Given that the U.S.-led war in Iraq remains profoundly unpopular among Canadians, what about it? Still time to join in, you know? Naaah. Changed his mind on that, too. In a letter he sent to the Washington Times in December, he said, "On Iraq, while I support the removal of Saddam Hussein and applaud the efforts to establish democracy and freedom in Iraq, I would not commit Canadian troops to that country. I must admit great disappointment at the failure to substantiate pre-war intelligence information regarding Iraq's possession of weapons of mass destruction."

Some of Harper's top people do happen to believe in creationism. Well, so what? Harper himself took pains to declare that he, personally, had "evolved."

As the election wore on, it got pretty comical. Like when the notoriously stiff Harper suddenly traded his crisp white shirts, dark suits and blue ties for a mouse-gray turtleneck. Cool Canada indeed  circa 1978 at the ski lodge.

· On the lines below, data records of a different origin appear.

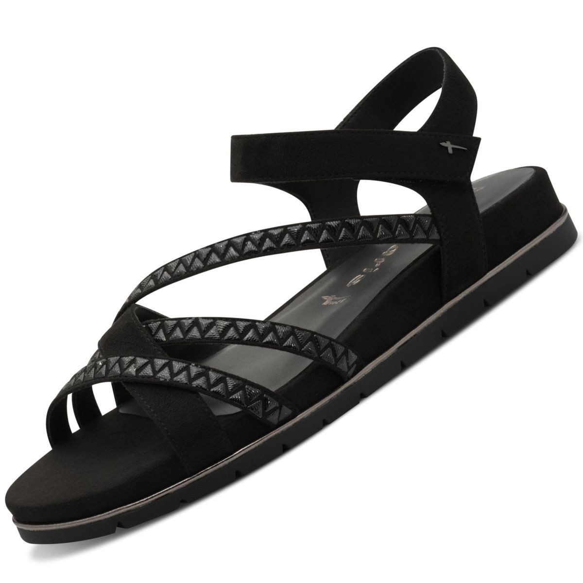 Hübsche Sandalen aus Textil mit gekreuzten Riemchen. Diese sind mit dreieckigen Nieten besetzt. Kinderleichter Einstieg durch eine Klettschnalle. Synthetisches Innenfutter. Weiche Decksohle aus Textil mit Touch-It Fußbett. 2,5 cm hohe Synthetiksohle ohne Absatz.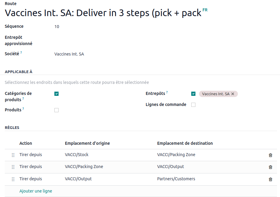 Dans cette exemple, nous avons une route logistique de livraison (Deliver in 3 steps) qui est composée de 3 règles: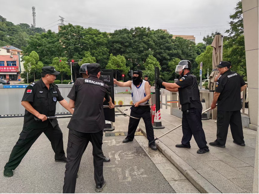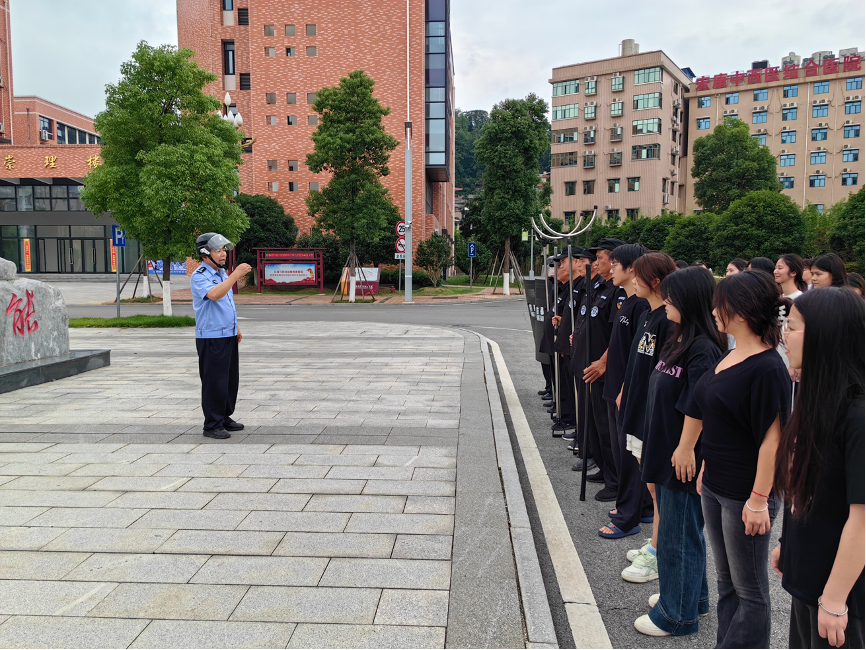 演练紧扣实战需求,设置“器械规范使用”“突发事件处置”“模拟对抗演练”三大环节。吴警官结合校园安保特点,现场演示防暴盾牌、钢叉、抓捕器等器械的操作技巧,详细讲解人员站位、攻防战术及应急协作要点。在模拟对抗环节,安保人员分组演练了“持械暴徒闯入”“可疑物品排查”“人员疏散救援”等场景,学生代表则扮演群众、伤员等角色,全程参与应急处置流程。吴警官针对演练中的薄弱环节进行逐一点评,强调“反应速度、装备应用与团队协作”是守护校园安全的关键。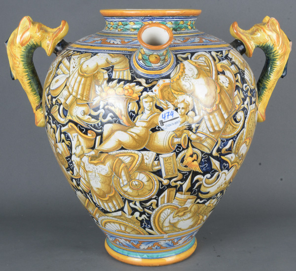 - Katalog-Nr: 474Große Henkelamphore. Italien. Fayence, aufwendig bunt bemalt; am Boden gemarkt, H=40 cm.o.L.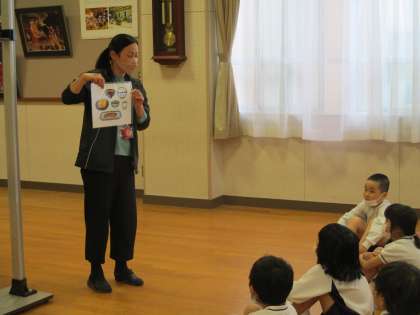 計測前に,養護教諭から毎日を元気に過ごすために大切なことのお話がありました。

Meanwhile, the word went out to all Conservative candidates with ardently right-wing views about gays, guns, God, you name it: Stifle yourselves. The pronouncement even extended below the 49th parallel. In the later days of the election, e-mails started landing in the in boxes of American conservative pundits telling them to self-censor their public enthusiasm for Stephen Harper and what he was trying to pull off up here.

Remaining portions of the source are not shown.